5

I have a malformed XML file. The root tag is not closed by a tag. The final tag is missing.

When I try to load my malformed XML file in C#

StreamReader sr = new StreamReader(path);
batchFile = XDocument.Load(sr); // Exception

I get an exception "Unexpected end of file has occurred. The following elements are not closed: batch. Line 54, position 1."

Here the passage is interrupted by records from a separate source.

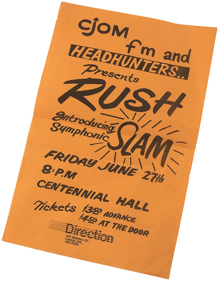 Less than one year after Neil Peart took over as drummer, the Canadian progressive rock band Rush was starting to tour and make people take notice on a broader scale. Here's an 11" x 17" concert poster promoting the band's June 27, 1975, show at Centennial Hall in London, Ontario - not far from its Toronto home. Old radio station CJOM is listed at the top. The yellow poster is folded but otherwise EX.
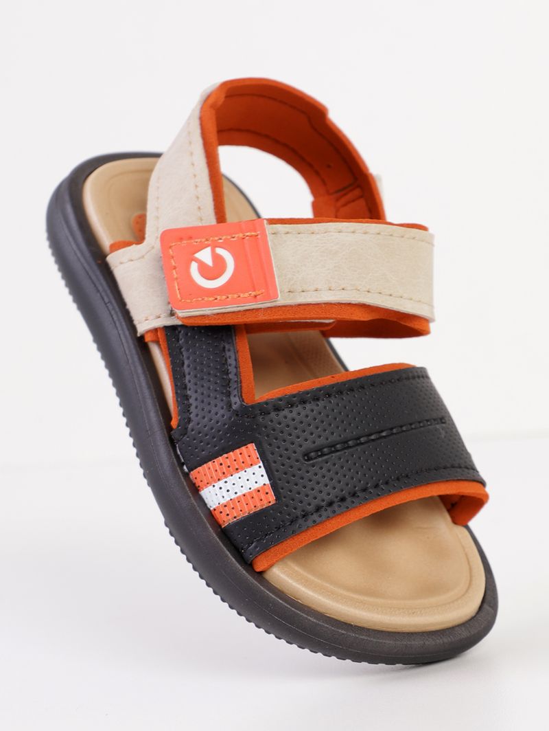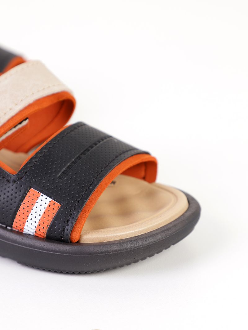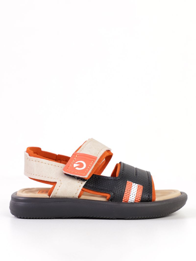 Sandália Cartago Infantil Para Bebê Menino - PRETO/BEGE/LARANJA
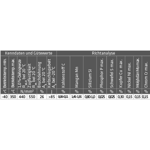 gewiesene Wurzelschweißbarkeit, Betriebstemperatur -40 bis 350 °C. Säuren- und basenbeständig bis 1.200 °C.
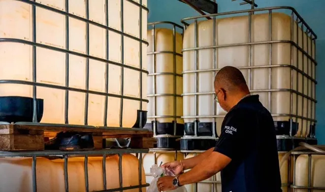 Durante o cumprimento das ordens judiciais, o suspeito foi localizado e preso. No local, foram encontrados tonéis, vasilhames e materiais utilizados na produção irregular.
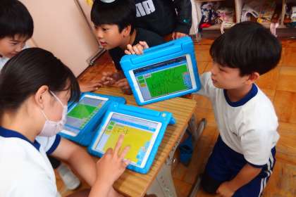 タブレットを使ってコミュニケーション活動をしました。
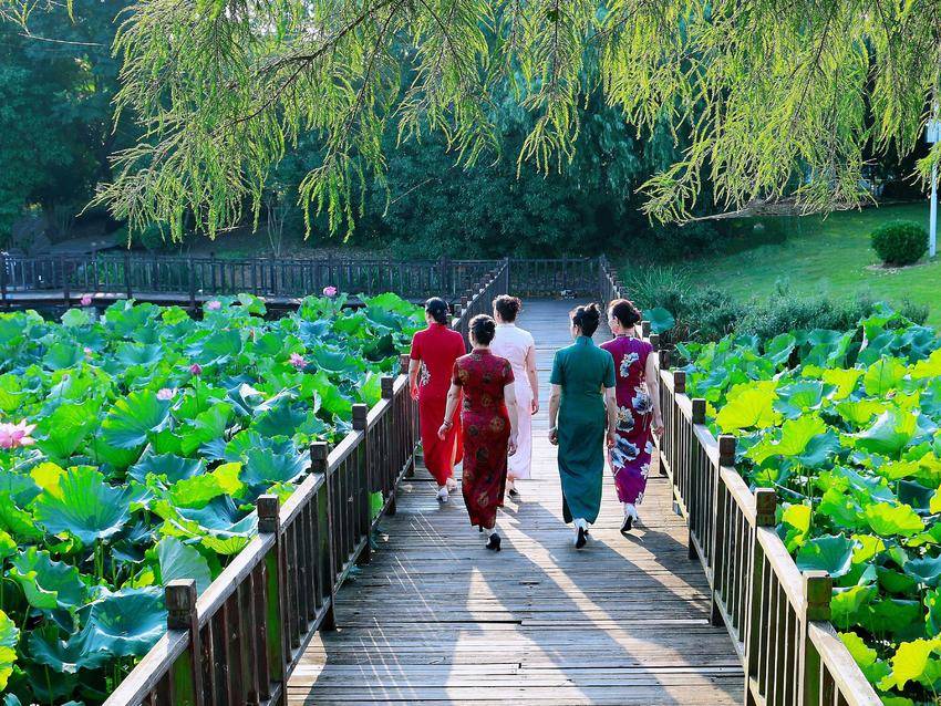 游客们或执伞轻倚栏杆,捕捉“雨打荷叶跳珠”的灵动;或俯身近观莲蓬,惊叹“出淤泥而不染”的禅意。抖音达人们更以荷为幕,创作出“荷裳舞袂”“莲动下渔舟”等创意短视频,让凤凰湖的夏日荷韵跨越屏幕,绽放于万千网友的心田。
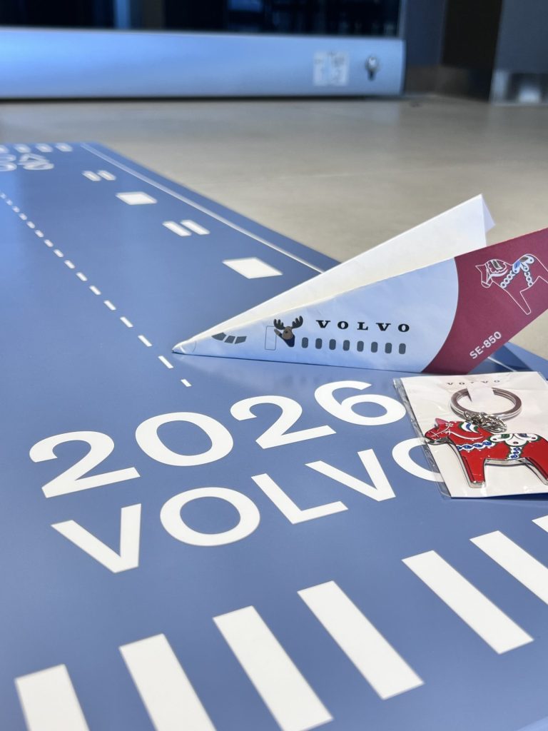 ボルボのオリジナルフライト用紙で紙飛行機を作り、滑走路パネルへ着地させれたらチャレンジ成功です!!
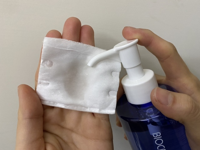 或是透過化妝棉也可以,卸妝液帶著淡淡的香味,無須經過乳化且完全不油膩

Is it possible to ignore the close tag or to force the loading? I noticed that all my XML tools ((like XML notepad) ) automaticly fix or ignore the problem. I can not fix the XML file. This one copme from a third party software and sometimes the file is correct.

Bastien Vandamme
  • 17,659
  • 30
  • 118
  • 200

3 Answers3

4

You cant do it with XDocument because this class loads all document in memory and parse it completly.
But its possible to process document with XmlReader it would get you to read and process complete document and at the end youll get missing tag exeption.

Anton Semenov
  • 6,227
  • 5
  • 41
  • 69
3

I suggest using Tidy.NET to cleanup messy input

Tidy.NET has a nice API to get a list of problems (MessageCollection) in your 'XML' and you can use it to fix the text stream in memory. The simplest thing would be to fix one error at a time, thought that will not perform too well with many errors. Otherwise, you might fix errors in reverse document order so that the offsets of messages stay valid while doing the fixes

Here is an example to convert HTML input into XHTML:

Tidy tidy = new Tidy();

/* Set the options you want */
tidy.Options.DocType = DocType.Strict;
tidy.Options.DropFontTags = true;
tidy.Options.LogicalEmphasis = true;
tidy.Options.Xhtml = true;
tidy.Options.XmlOut = true;
tidy.Options.MakeClean = true;
tidy.Options.TidyMark = false;

/* Declare the parameters that is needed */
TidyMessageCollection tmc = new TidyMessageCollection();
MemoryStream input = new MemoryStream();
MemoryStream output = new MemoryStream();

byte[] byteArray = Encoding.UTF8.GetBytes("Put your HTML here...");
input.Write(byteArray, 0 , byteArray.Length);
input.Position = 0;
tidy.Parse(input, output, tmc);

string result = Encoding.UTF8.GetString(output.ToArray());
sehe
  • 374,641
  • 47
  • 450
  • 633
  • Adding a sample snippet to convert HTML -> XHTML – sehe Apr 18 '11 at 10:14
  • I've not got this working well with XML. Unless I'm missing something Tidy.NET wasn't designed for XML. – Gareth A. Lloyd Oct 07 '14 at 15:55
  • Yes. Tidy is intended to sanitizer wonky HTML. Because XHTML exists it could be worth a try. – sehe Oct 07 '14 at 15:58
  • I got as far as `tidy.Options.XmlOut = true; tidy.Options.TidyMark = false; tidy.Options.XmlTags = true;` But Tidy.NET crashes in the guts of PPrint.cs . I'm still looking at this approach. – Gareth A. Lloyd Oct 07 '14 at 16:38
1

What you could do is add the closing tag to the xml in memory and then load it.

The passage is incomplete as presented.